**Exercise data:**
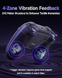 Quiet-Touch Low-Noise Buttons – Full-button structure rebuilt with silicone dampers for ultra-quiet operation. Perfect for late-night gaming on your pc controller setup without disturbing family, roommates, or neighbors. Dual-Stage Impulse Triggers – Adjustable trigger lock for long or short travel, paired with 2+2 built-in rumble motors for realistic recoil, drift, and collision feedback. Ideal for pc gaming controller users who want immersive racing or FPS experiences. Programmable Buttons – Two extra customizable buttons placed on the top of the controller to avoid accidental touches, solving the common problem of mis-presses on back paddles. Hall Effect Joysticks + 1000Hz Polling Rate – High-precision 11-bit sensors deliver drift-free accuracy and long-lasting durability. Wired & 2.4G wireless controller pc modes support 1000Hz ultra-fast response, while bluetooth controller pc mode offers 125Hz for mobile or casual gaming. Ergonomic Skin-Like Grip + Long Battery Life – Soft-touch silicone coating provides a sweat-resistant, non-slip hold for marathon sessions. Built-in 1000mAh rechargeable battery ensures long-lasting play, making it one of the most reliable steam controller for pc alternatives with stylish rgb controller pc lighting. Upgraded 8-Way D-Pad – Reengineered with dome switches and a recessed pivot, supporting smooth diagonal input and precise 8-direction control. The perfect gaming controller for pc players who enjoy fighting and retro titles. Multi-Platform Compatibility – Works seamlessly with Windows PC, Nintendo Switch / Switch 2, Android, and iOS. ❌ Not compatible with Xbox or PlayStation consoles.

* * *

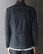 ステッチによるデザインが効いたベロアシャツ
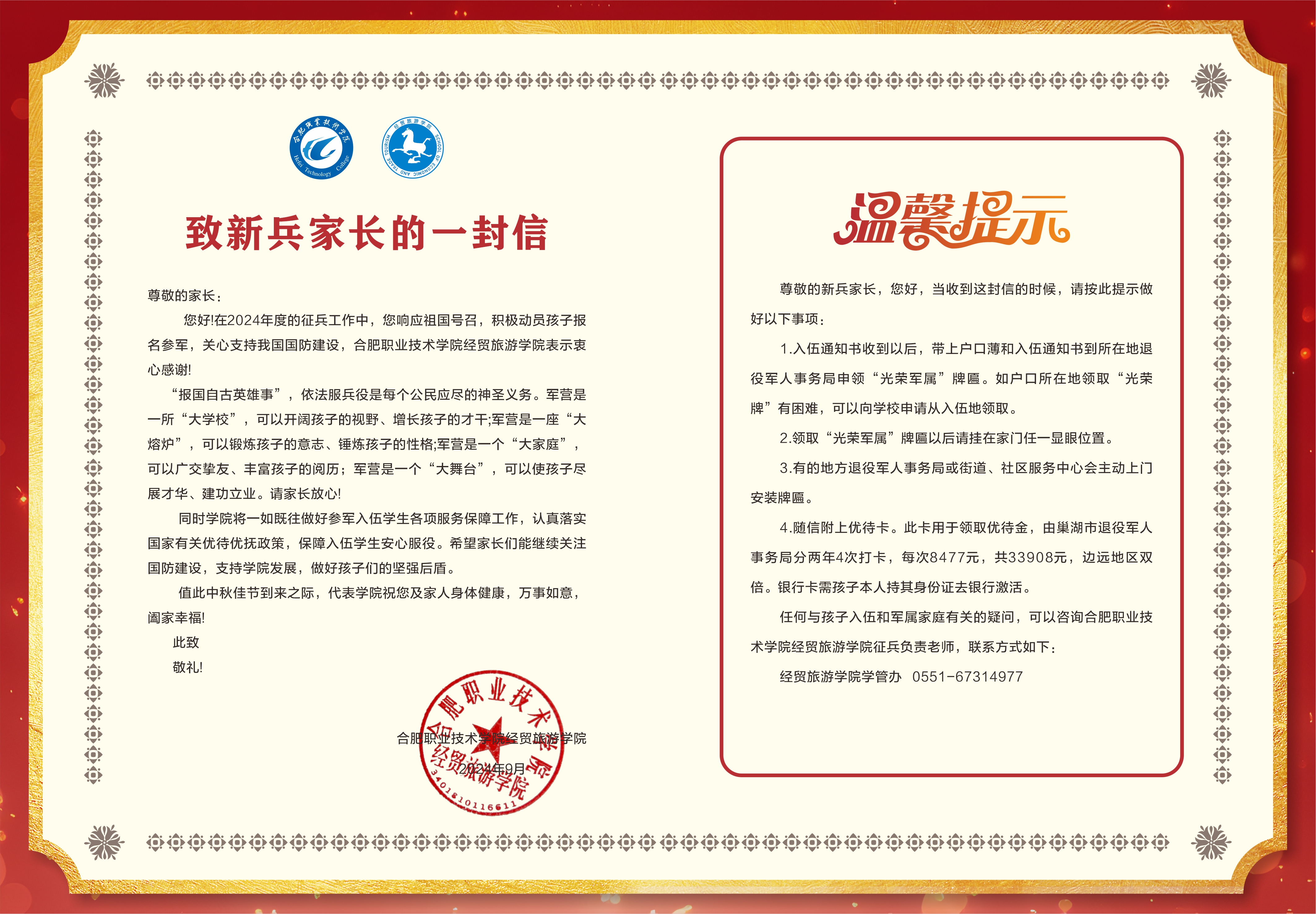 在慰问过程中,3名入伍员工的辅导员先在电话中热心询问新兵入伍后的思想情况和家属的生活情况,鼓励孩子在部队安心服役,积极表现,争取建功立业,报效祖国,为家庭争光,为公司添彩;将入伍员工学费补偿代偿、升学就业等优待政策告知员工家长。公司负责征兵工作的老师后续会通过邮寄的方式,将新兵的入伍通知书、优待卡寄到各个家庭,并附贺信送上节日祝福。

**What the task asks:** A verbatim reproduction is expected: starting at the line above that has "ステッチによるデザインが効いたベロアシャツ", ending at the line that has "在慰问过程中,3名入伍员工的", both included, and with no pictures and no other lines.

**Response box:**
 ステッチによるデザインが効いたベロアシャツ
 在慰问过程中,3名入伍员工的辅导员先在电话中热心询问新兵入伍后的思想情况和家属的生活情况,鼓励孩子在部队安心服役,积极表现,争取建功立业,报效祖国,为家庭争光,为公司添彩;将入伍员工学费补偿代偿、升学就业等优待政策告知员工家长。公司负责征兵工作的老师后续会通过邮寄的方式,将新兵的入伍通知书、优待卡寄到各个家庭,并附贺信送上节日祝福。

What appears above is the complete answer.